Ведьмино логово
Она замолчала, с трудом переводя дыхание, и снова тряхнула головой с такой силой, что пришлось приглаживать рассыпавшиеся волосы. Потом улыбнулась.
– Не знаю, что вы обо мне подумаете после всего, что я тут наговорила.
– Я считаю, что вы абсолютно правы! – воскликнул Рэмпол с энтузиазмом. Особенно ему понравилось то, что было сказано о Сондерсе. – К черту все эти таблицы! А bas le tennis! [12] Надеюсь, что Хэрроу выиграет у Итона, камня на камне от него не оставит. Хм-м.
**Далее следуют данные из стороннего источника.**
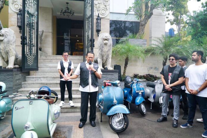 Global Cyber News.Com|JAKARTA – Ketua MPR RI sekaligus Ketua Umum Ikatan Motor Indonesia (IMI) Bambang Soesatyo bersama Wakil Ketua Komunikasi dan Media IMI Pusat Atta Halilintar menerima komunitas motor Classic Nih Bos (CNB) sebagai anggota keluarga besar IMI. CNB terdiri dari berbagai jenis motor Vespa klasik, Honda C70, Honda C80 dan motor klasik lainnya.

Я хочу сказать, что вы совершенно правы, и – да здравствует социализм!
– Я ничего не говорила о социализме!
– Так скажите что-нибудь. Да здравствует Норман Томас! [13] И да благословит Бог...
– Но почему, глупый вы человек, почему?
– Да потому, что это не понравится мистеру Сондерсу, – объяснил Рэмпол. Этот тезис показался ему вполне убедительным, несмотря на его неопределенность. Но тут же ему вспомнилось еще одно обстоятельство, и он подозрительно спросил: – А что за тип этот Уилфрид, который является к вам каждый четверг? Уилфрид! Какое мерзкое имя. Вполне подошло бы человеку, который завивает волосы щипцами.
Она сбежала с высокого мостика, вся ее миниатюрная фигурка словно освободилась от оков. И смех ее, такой естественный и озорной, тот, что он слышал накануне, тоже, казалось, вырвался из тюрьмы.
– Послушайте! Мы никогда не получим этих сигарет, если не поторопимся... Вы как будто высказываете мои собственные мысли. Не хотите ли пробежаться по этому поводу наперегонки? Только особенно не усердствуйте, здесь не меньше четверти мили.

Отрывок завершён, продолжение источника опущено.